¿Existe una base racional general para que las redes neuronales artificiales sean las estructuras de aprendizaje ‘definitivas’ para los dominios en los que se destacan actualmente?

Creo que hay una base para creer que los ANN son ideales para el reconocimiento de patrones (especialmente problemas con paisajes degradados, como el reconocimiento de objetos en las imágenes). En términos generales, las ANN se benefician de su capacidad para: 1) retener un gran espacio de estado (múltiples capas de números de coma flotante), 2) aprender y adaptarse de forma incremental (propagación hacia atrás), 3) generalizar / regularizar, 4) asociar hechos localizados relacionados relevantes (a través de conexiones de nodo), 4) agrega valor de conjuntos de entrenamiento cada vez más grandes y 5) minimiza el error. Todos estos sirven para el reconocimiento de patrones extraordinariamente bien, especialmente en contraste con otras técnicas.
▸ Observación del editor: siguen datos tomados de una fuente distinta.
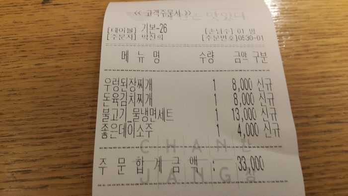 작년에는 불고기+냉면 세트, 우렁된장찌개, 해물순두부찌개, 소주 1명을 먹었어요.

Si los ANN poseen las ‘habilidades’ necesarias para todas las demás formas de aprendizaje (por ejemplo, un disparo, sin supervisión, descubrimiento, construcción y revisión de planes, lógica secuencial, etc.), esto se desconoce, ya que aún no sabemos qué habilidades se necesitan. En mi humilde opinión, es probable que los ANN sean menos adecuados para esos fines, en función del menor impacto que han tenido hasta ahora.

Muy probable.

Deep Neural Network es superior a otros hasta ahora (en los dominios en los que se aplican) debido a su profundidad , no por su parecido con la neurona biológica. A pesar de que la investigación de la red neuronal se inicia con la ambición de simular el cerebro humano, hoy en día la red neuronal se ha alejado mucho de la simulación de neuronas.

Bengio ha dejado muy claro que el poder del aprendizaje profundo se debe principalmente a su profundidad (ver Aprendizaje de Arquitectura Profunda para IA (Sección 2), y muchos de sus documentos relevantes). Tengo un resumen reciente de investigaciones relevantes en mi artículo de revisión (Sobre el origen del aprendizaje profundo, Sección 3.2: La necesidad de la profundidad)

Por lo tanto, es muy probable que resolvamos algo completamente superior a las redes neuronales profundas, pero probablemente tenga que ser algo profundo.

Si bien no hay mucho sobre la teoría de las redes neuronales, el enfoque tiene sentido lógico. Cuando enseñas a los niños a observar, distinguir objetos, hablar y pensar críticamente, les das ejemplos de tales artículos etiquetados y buscan un patrón entre los ejemplos.

Es completamente posible que las redes neuronales no sean el mejor enfoque para el aprendizaje. En muchos sentidos, las redes neuronales son bastante limitadas, ya que requieren una gran cantidad de potencia de cálculo y datos disponibles. También deben ser muy especializados; Mientras que un cerebro humano es capaz de realizar muchas tareas diferentes, un algoritmo de ajedrez aún no puede aprender a hablar.

A partir de ahora, sin embargo, el aprendizaje profundo ya ha demostrado sus éxitos en la visión por computadora, el procesamiento del lenguaje, el juego y la robótica: tiene sentido mejorar los modelos actuales y explorar los límites de dónde nos puede llevar el aprendizaje profundo.